(Collection entries)
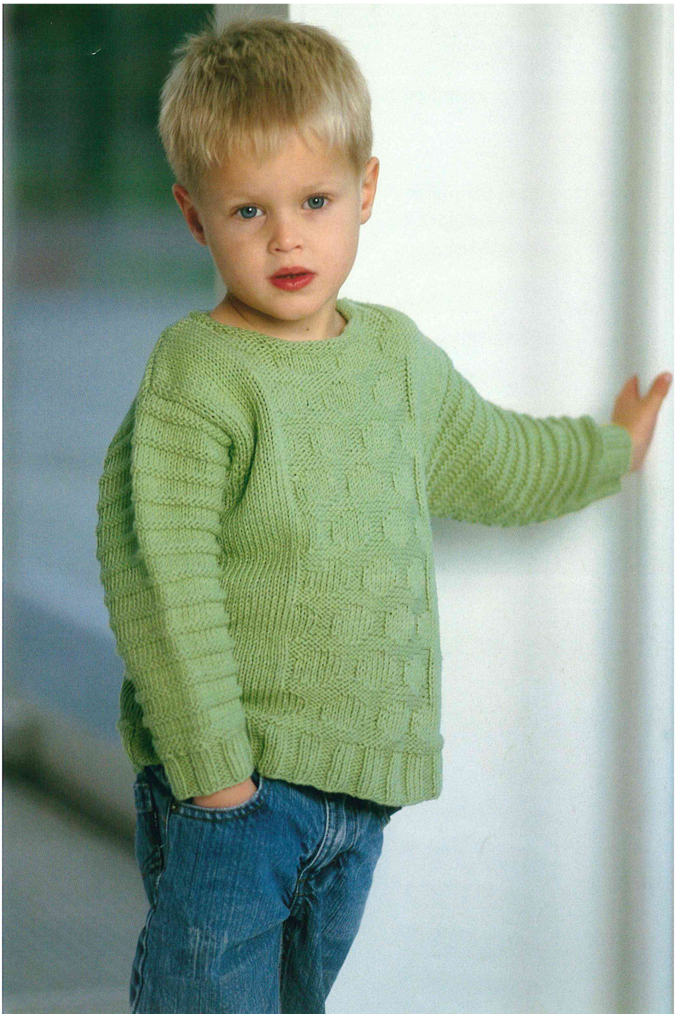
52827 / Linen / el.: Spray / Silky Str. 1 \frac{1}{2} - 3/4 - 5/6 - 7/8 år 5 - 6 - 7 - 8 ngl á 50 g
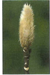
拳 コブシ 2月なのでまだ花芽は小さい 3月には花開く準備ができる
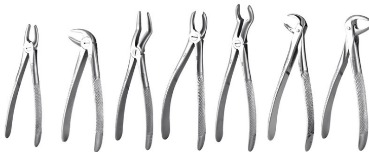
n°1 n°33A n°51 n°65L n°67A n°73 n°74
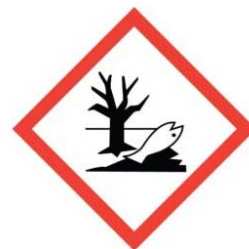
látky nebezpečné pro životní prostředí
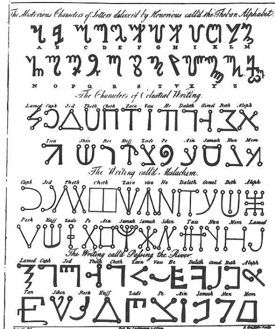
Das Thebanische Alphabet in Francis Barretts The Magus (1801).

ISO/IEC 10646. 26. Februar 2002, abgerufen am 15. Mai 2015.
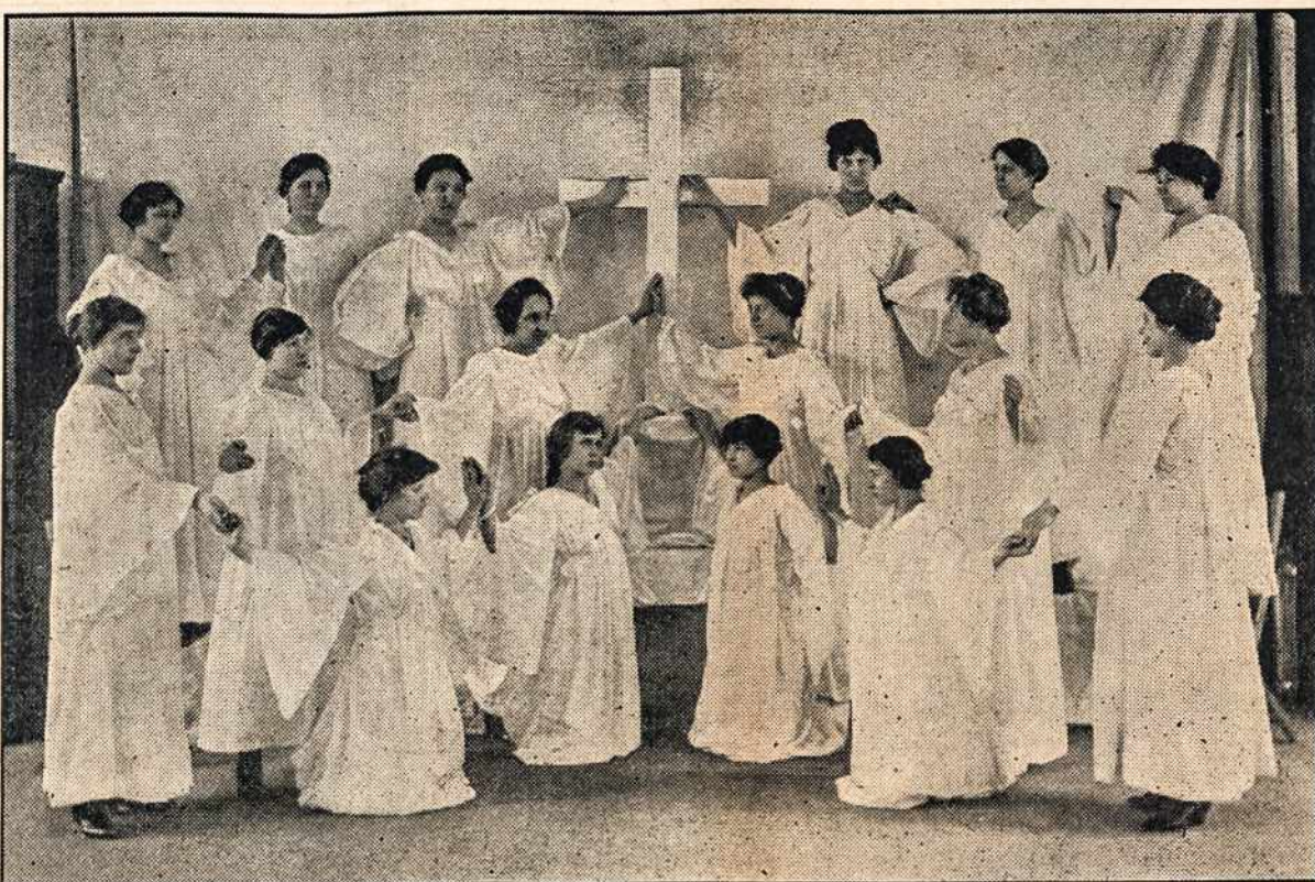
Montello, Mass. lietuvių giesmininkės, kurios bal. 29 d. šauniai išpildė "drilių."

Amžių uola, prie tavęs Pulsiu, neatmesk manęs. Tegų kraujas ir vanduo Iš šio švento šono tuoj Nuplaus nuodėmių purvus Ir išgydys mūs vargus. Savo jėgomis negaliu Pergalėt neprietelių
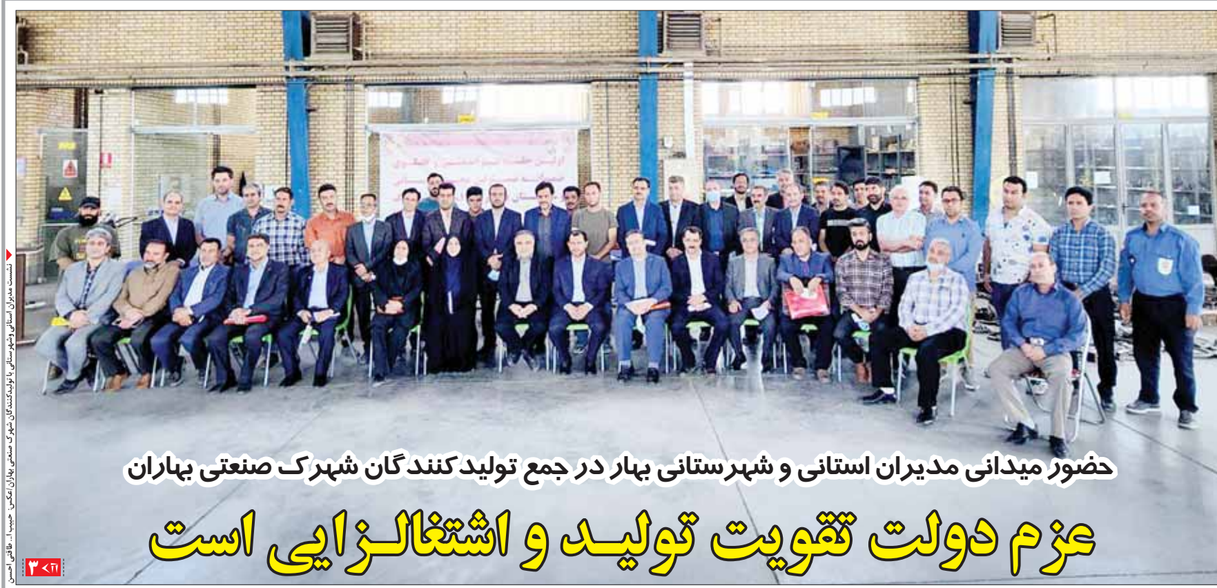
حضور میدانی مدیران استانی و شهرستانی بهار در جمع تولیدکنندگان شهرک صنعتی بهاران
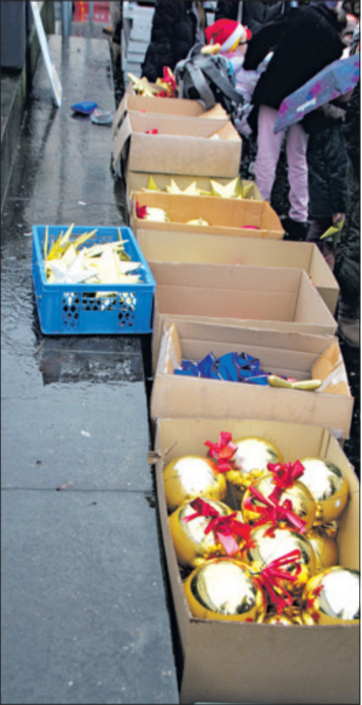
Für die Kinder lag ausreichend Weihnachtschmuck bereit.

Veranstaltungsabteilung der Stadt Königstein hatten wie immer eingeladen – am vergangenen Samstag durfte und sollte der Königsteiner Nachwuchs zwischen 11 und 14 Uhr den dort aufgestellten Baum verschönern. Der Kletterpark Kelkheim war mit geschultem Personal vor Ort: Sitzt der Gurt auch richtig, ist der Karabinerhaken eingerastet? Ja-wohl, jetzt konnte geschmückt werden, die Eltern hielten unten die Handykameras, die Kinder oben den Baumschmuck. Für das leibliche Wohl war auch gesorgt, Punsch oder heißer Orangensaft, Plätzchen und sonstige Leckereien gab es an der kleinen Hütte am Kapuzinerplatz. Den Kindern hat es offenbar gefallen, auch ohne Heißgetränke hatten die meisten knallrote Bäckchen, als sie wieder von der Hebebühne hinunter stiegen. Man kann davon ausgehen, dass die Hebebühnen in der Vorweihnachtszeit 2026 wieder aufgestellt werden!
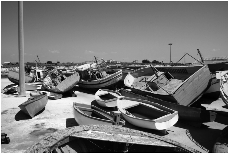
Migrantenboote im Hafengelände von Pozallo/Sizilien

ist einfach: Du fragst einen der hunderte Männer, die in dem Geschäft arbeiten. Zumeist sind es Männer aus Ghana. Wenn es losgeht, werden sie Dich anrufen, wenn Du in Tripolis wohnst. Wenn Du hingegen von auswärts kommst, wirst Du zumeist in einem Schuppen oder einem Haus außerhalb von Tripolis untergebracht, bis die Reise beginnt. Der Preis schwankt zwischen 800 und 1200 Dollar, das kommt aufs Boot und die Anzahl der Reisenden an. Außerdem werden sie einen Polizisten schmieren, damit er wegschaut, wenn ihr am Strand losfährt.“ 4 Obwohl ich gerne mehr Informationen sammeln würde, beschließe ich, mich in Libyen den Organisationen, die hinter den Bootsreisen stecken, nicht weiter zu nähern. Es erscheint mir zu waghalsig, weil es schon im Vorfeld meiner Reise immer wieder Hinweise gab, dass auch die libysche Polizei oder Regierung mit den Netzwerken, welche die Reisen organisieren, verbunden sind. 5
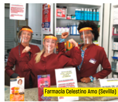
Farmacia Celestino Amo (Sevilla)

[Work order]: Output every record verbatim, excluding any picture it contains.

[Exercise response]:
52827 / Linen / el.: Spray / Silky Str. 1 \frac{1}{2} - 3/4 - 5/6 - 7/8 år 5 - 6 - 7 - 8 ngl á 50 g
拳 コブシ 2月なのでまだ花芽は小さい 3月には花開く準備ができる
n°1 n°33A n°51 n°65L n°67A n°73 n°74
látky nebezpečné pro životní prostředí
Das Thebanische Alphabet in Francis Barretts The Magus (1801).

ISO/IEC 10646. 26. Februar 2002, abgerufen am 15. Mai 2015.
Montello, Mass. lietuvių giesmininkės, kurios bal. 29 d. šauniai išpildė "drilių."

Amžių uola, prie tavęs Pulsiu, neatmesk manęs. Tegų kraujas ir vanduo Iš šio švento šono tuoj Nuplaus nuodėmių purvus Ir išgydys mūs vargus. Savo jėgomis negaliu Pergalėt neprietelių
حضور میدانی مدیران استانی و شهرستانی بهار در جمع تولیدکنندگان شهرک صنعتی بهاران
Für die Kinder lag ausreichend Weihnachtschmuck bereit.

Veranstaltungsabteilung der Stadt Königstein hatten wie immer eingeladen – am vergangenen Samstag durfte und sollte der Königsteiner Nachwuchs zwischen 11 und 14 Uhr den dort aufgestellten Baum verschönern. Der Kletterpark Kelkheim war mit geschultem Personal vor Ort: Sitzt der Gurt auch richtig, ist der Karabinerhaken eingerastet? Ja-wohl, jetzt konnte geschmückt werden, die Eltern hielten unten die Handykameras, die Kinder oben den Baumschmuck. Für das leibliche Wohl war auch gesorgt, Punsch oder heißer Orangensaft, Plätzchen und sonstige Leckereien gab es an der kleinen Hütte am Kapuzinerplatz. Den Kindern hat es offenbar gefallen, auch ohne Heißgetränke hatten die meisten knallrote Bäckchen, als sie wieder von der Hebebühne hinunter stiegen. Man kann davon ausgehen, dass die Hebebühnen in der Vorweihnachtszeit 2026 wieder aufgestellt werden!
Migrantenboote im Hafengelände von Pozallo/Sizilien

ist einfach: Du fragst einen der hunderte Männer, die in dem Geschäft arbeiten. Zumeist sind es Männer aus Ghana. Wenn es losgeht, werden sie Dich anrufen, wenn Du in Tripolis wohnst. Wenn Du hingegen von auswärts kommst, wirst Du zumeist in einem Schuppen oder einem Haus außerhalb von Tripolis untergebracht, bis die Reise beginnt. Der Preis schwankt zwischen 800 und 1200 Dollar, das kommt aufs Boot und die Anzahl der Reisenden an. Außerdem werden sie einen Polizisten schmieren, damit er wegschaut, wenn ihr am Strand losfährt.“ 4 Obwohl ich gerne mehr Informationen sammeln würde, beschließe ich, mich in Libyen den Organisationen, die hinter den Bootsreisen stecken, nicht weiter zu nähern. Es erscheint mir zu waghalsig, weil es schon im Vorfeld meiner Reise immer wieder Hinweise gab, dass auch die libysche Polizei oder Regierung mit den Netzwerken, welche die Reisen organisieren, verbunden sind. 5
Farmacia Celestino Amo (Sevilla)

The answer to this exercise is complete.